__TASK OBJECTIVE__.
Extract the lines from the first one in the records below through the line containing "Autumnlane Indigo Bakul", keeping both ends and leaving out any pictures.

----------------------------------------

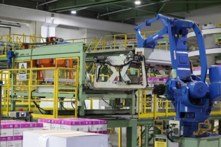 在新投产的数智化自动立体仓,设备正在进行无人化作业。
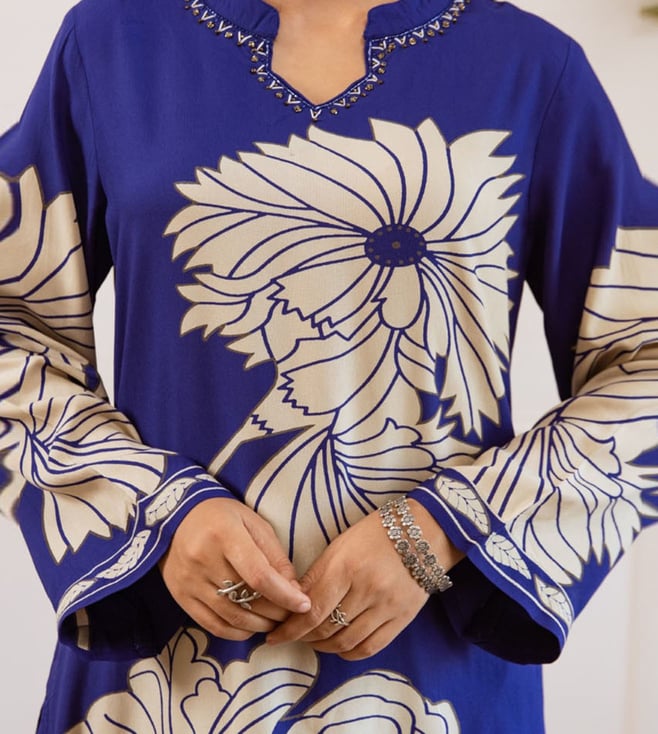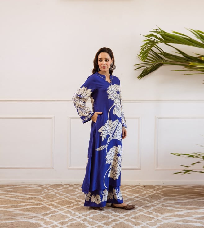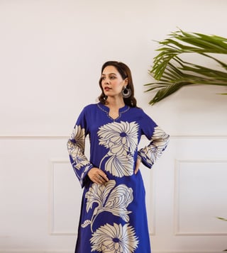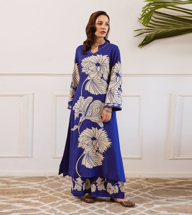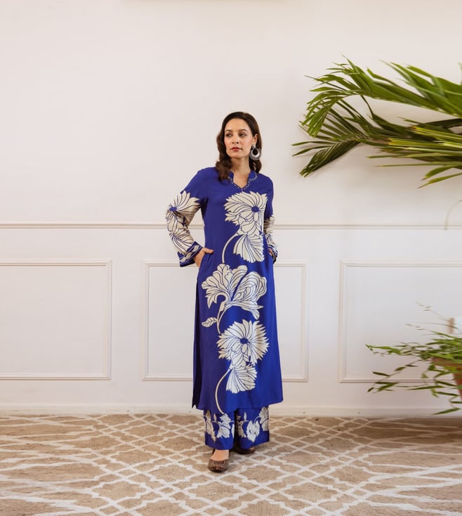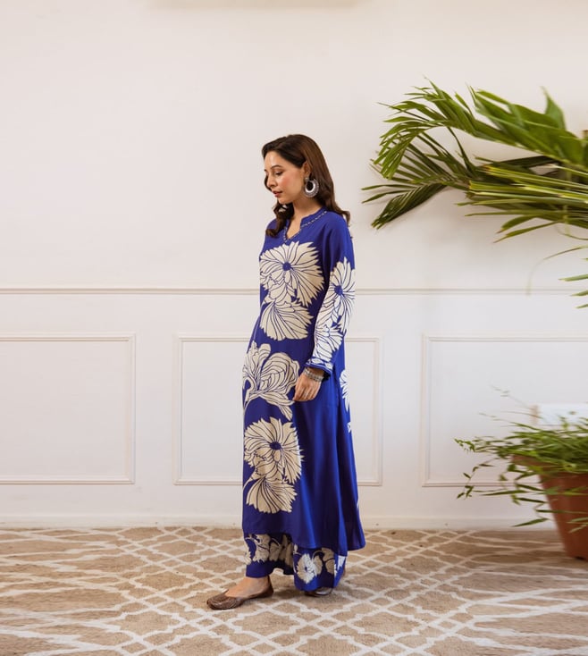 Autumnlane Indigo Bakul Spruce Floral Regular Fit Kurta Pant Set
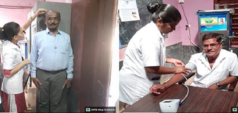 After the initial check of Height, Weight, and BMI, the participants were guided to the counter where their blood pressure and Random Blood Sugar were checked. A total of 43 people were screened. Out of them, five were found to be having elevated Random Blood Sugar (RBS) and one out of them was newly detected. Eight people had their Blood Pressure (BP) elevated and out of them 7 were on antihypertensive drugs and one was newly detected. Every participant was given the Health Check Cards with their brief identity and the screening details. All who came for health checks were given awareness on Diabetes Mellitus focusing on the risk factors, clinical manifestations, complications, and management including lifestyle modifications, foot care, and those who were known diabetics and hypertensives were told about the importance of medication adherence. All were distributed an apple and the children who accompanied their parents were given chocolates as a kind gesture from our end. Those who were newly identified to have high BP and elevated RBS were emphasized to go for further checkups.
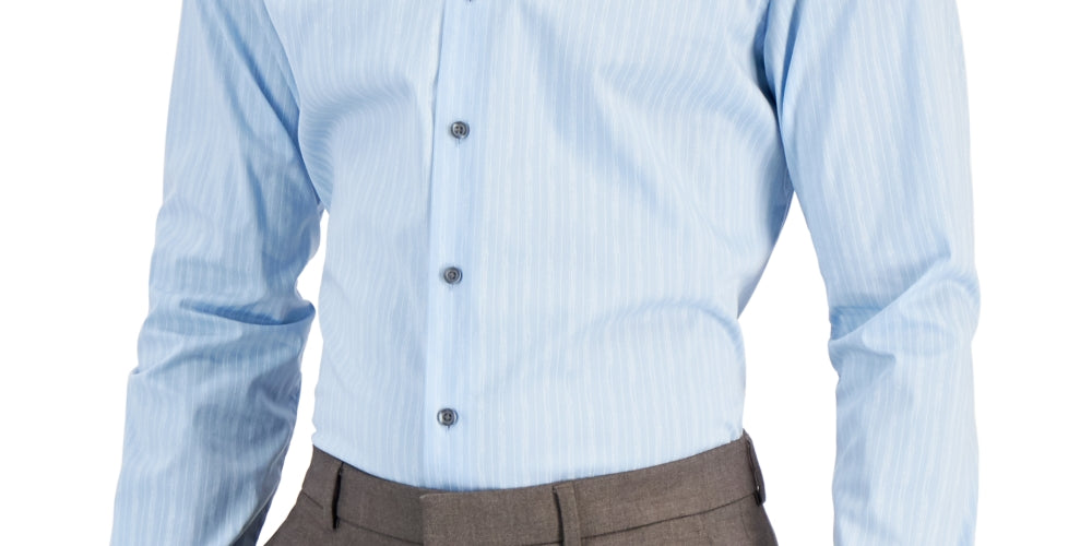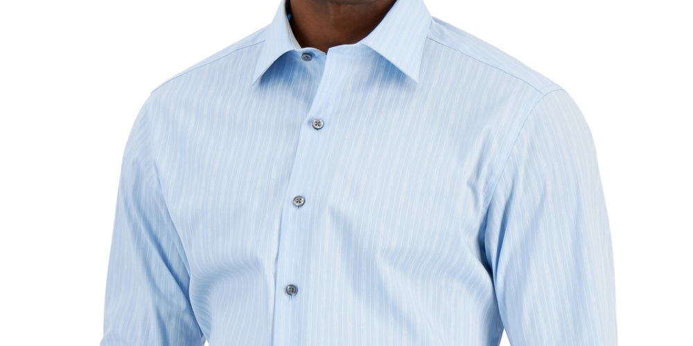 Alfani Men's Slim Fit Stain Resistant Dress Shirt Lt Blue White Navy 15-15 1/2
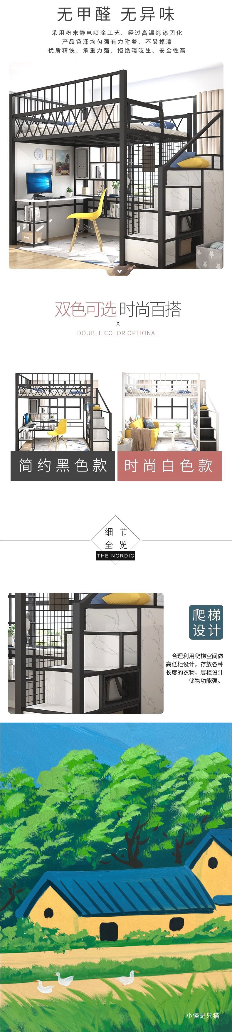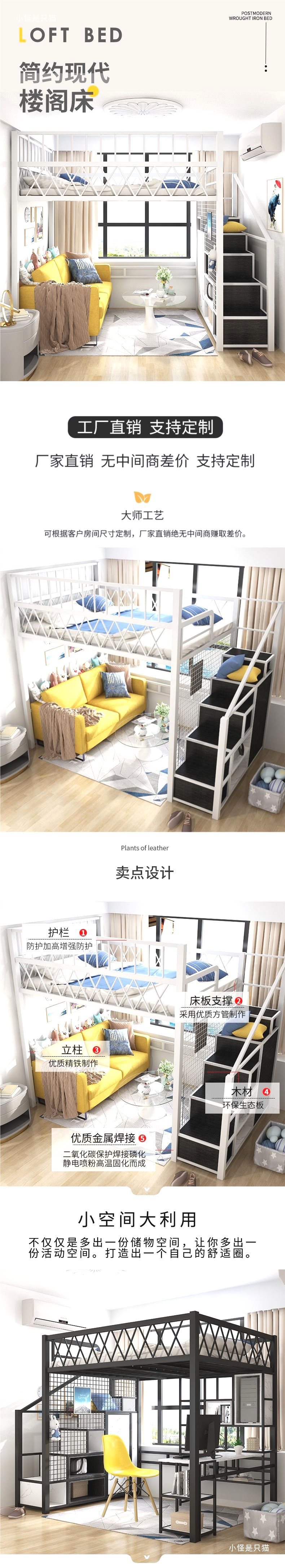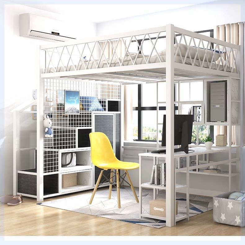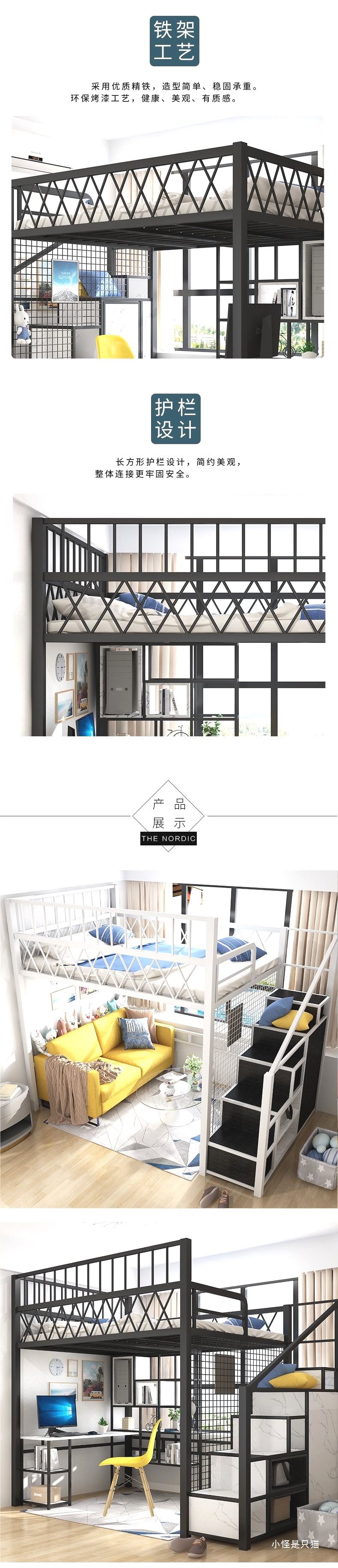 아파트용 북유럽 다기능 공간 절약형 로프트 침대, 복층형 싱글 상단 소형 아파트 철제 하이 로우 침대 로프트 침대스토어 가기
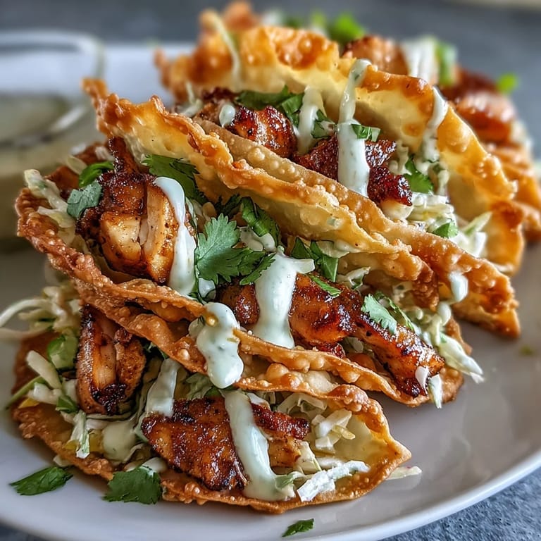 Save My neighbor showed up one afternoon with a bag of wonton wrappers and a wild idea: what if tacos didn't need tortillas? I was skeptical until I watched her drop those thin squares into hot oil and pull out golden, shatteringly crisp shells that folded like tiny edible wings. We filled them with whatever was in my fridge, marinated chicken thighs I'd forgotten about, shredded cabbage, a squeeze bottle of sriracha mayo, and suddenly dinner felt like an accident worth repeating. That crunch, that contrast of smoky spiced meat against cool slaw, turned into something I now make whenever I want to surprise myself.
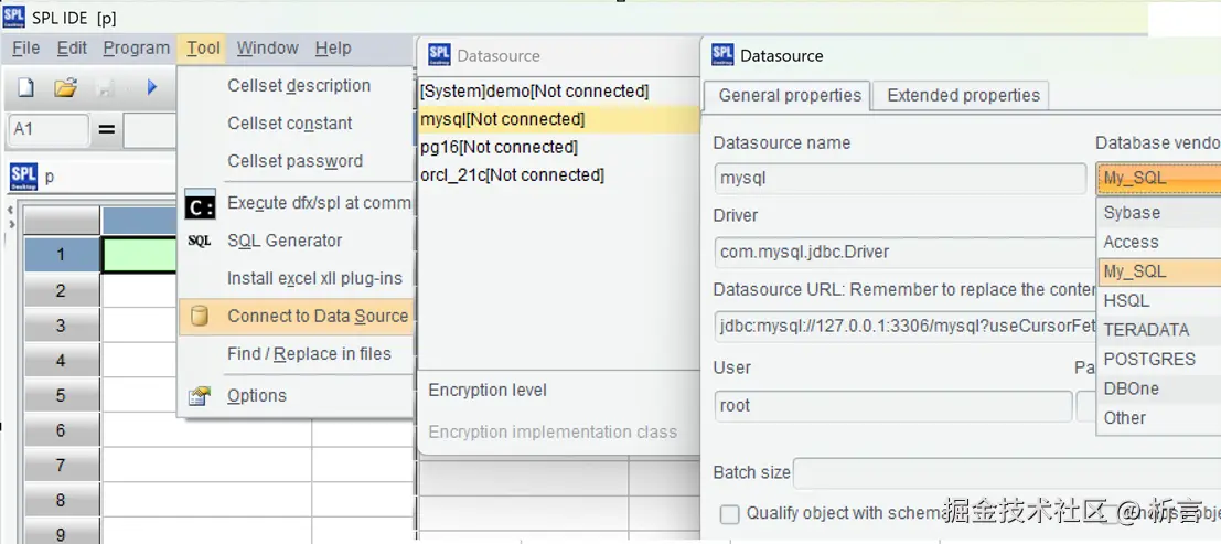 打开 esProc IDE,找到菜单 "Tool->Connect to Data Source",新建 JDBC 数据源,填入 MySQL 和 Oracle 的连接信息。
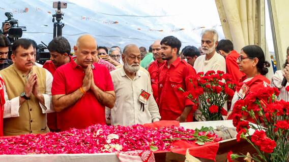 Sitaram Yechury Last Rites: देश के शीर्ष वामपंथ नेताओं में शुमार और भारतीय कम्युनिस्ट पार्टी (मार्क्सवादी) के महासचिव रहे सीताराम येचुरी का 12 सितंबर को एम्स में इलाज के दौरान निधन हो गया. शनिवार को दिल्ली स्थित पार्टी के कार्यालय पर आप नेता मनीष सिसोदिया और सांसद संजय सिंह श्रद्धांजलि देने पहुंचे. दोनों नेताओं ने उनके निधन को भरपाई न होने वाला क्षति बताया.

----------------------------------------

__SOLUTION FOR THIS PROBLEM__.
 在新投产的数智化自动立体仓,设备正在进行无人化作业。
 Autumnlane Indigo Bakul Spruce Floral Regular Fit Kurta Pant Set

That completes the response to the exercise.